In this case, we use two basic libraries required by python crawler, one is requests library, the other is beautiful soup library. It is assumed that these two libraries have been installed. If not, they can be installed through pip. Next, let's briefly talk about the functions of the two libraries. The main function of the requests library is to obtain the front-end code data of the server through the url. The data captured by the two libraries are all the data in the front-end code of the server. The beautiful soup library is mainly used to extract the required information from the captured front-end code.

Data grabbing

The url of the retrieved data is
It is recommended to use Google or Firefox browser to open it. You can use the shortcut key CTRL+U to view the source code of the web page of the server. Before grabbing data, you need to have a general understanding of the data format. First, the data you need to grab must be found in the source code to be directly captured. I believe that we can understand the basic html language. Note that we can see the script tag in the source code. Because JavaScript is loaded dynamically when the web page is loaded, the source code we grab also shows the JavaScript code, not the data loaded by JavaScript. So we can't see the stock data in the source code. Therefore, if we directly grab the code data returned by the requests library, we will not be able to grab the stock information.
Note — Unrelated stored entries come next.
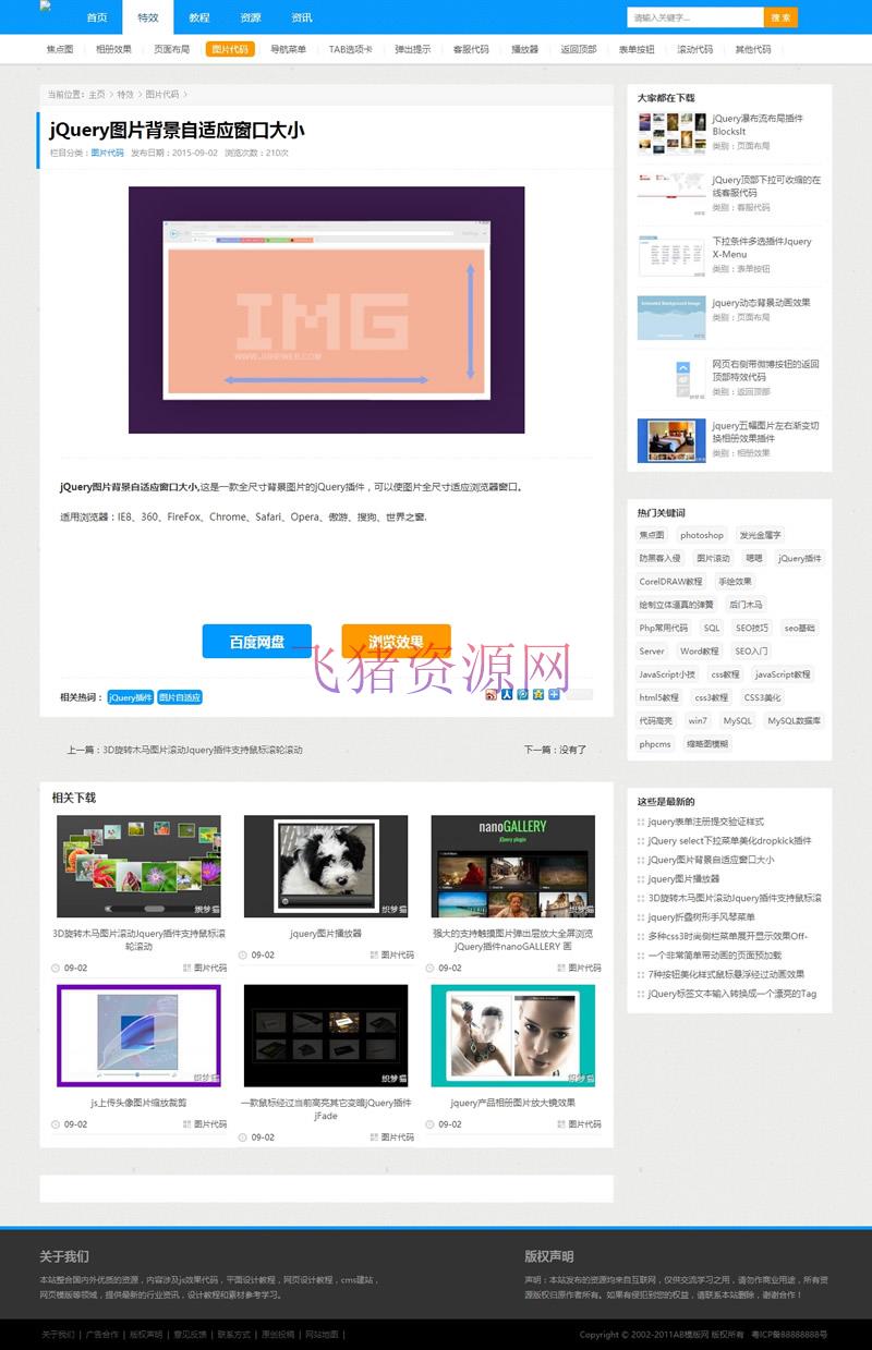 蓝色素材资源文章类织梦模板 站长资源素材教程类网站源码下载 这款模板使用范围极广,不仅仅局限于一类型的企业,你只需要把图片和产品内容更换下,适用于任何行业。1、该模板代码干净整洁; 2、效果相当的炫酷,相当简洁大气高端,模板简单,全部已数据调用,只需后台修改栏目名称即可 3、适用于资源下载网站模板、教程素材类网站源码; 4、网站手工DIV+css,代码精简,首页排版整洁大方、布局合理、利于SEO、图文并茂、静态HTML; 5、首页和全局重新做了全面优化,方便大家无缝使用;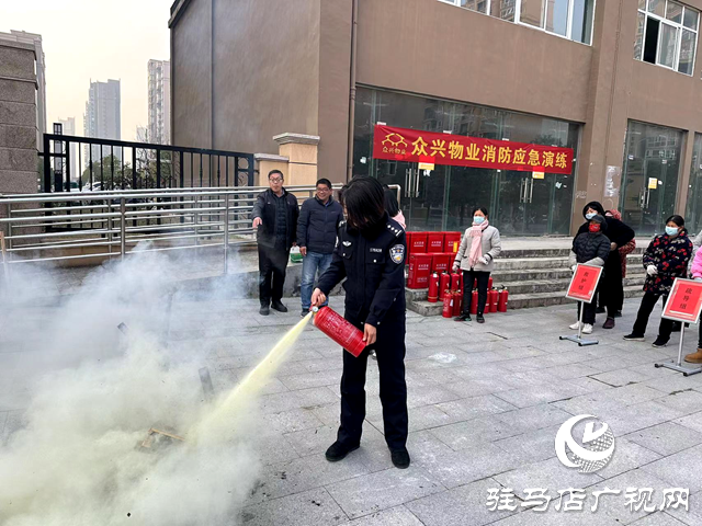 12月29日下午,驻马店市公安局经济开发区分局关王庙派出所联合关王庙乡综治中心、众兴物业等部门开展消防安全演练活动。
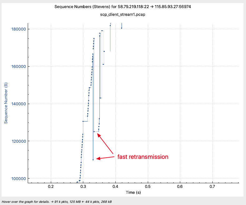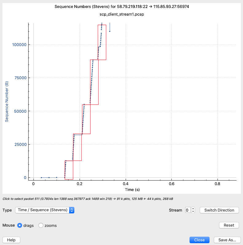 然后我们再看一下拥塞。在这个Graph中,也明显有几个点出现了异常。因为Y轴代表序列号,那么这些低处的点位,它们的序列号自然就是比前一个更低(也就是更小)的值,说明这些是老的报文再次发了出去,所以可以判断为是重传。

A special method is not to grab the data directly from the target website, but to find the request sent by the PC side, and change the parameters of get method to open the requested resource in a new window. The server can return different data by changing the request parameters. This method needs to understand the principle of HTTP protocol.
The specific method is to right-click the data to be grabbed and select check. Both Google and Firefox support element check. Then you can see that the corresponding data exists locally. Select network, select JS below, and refresh once to see the request of get method.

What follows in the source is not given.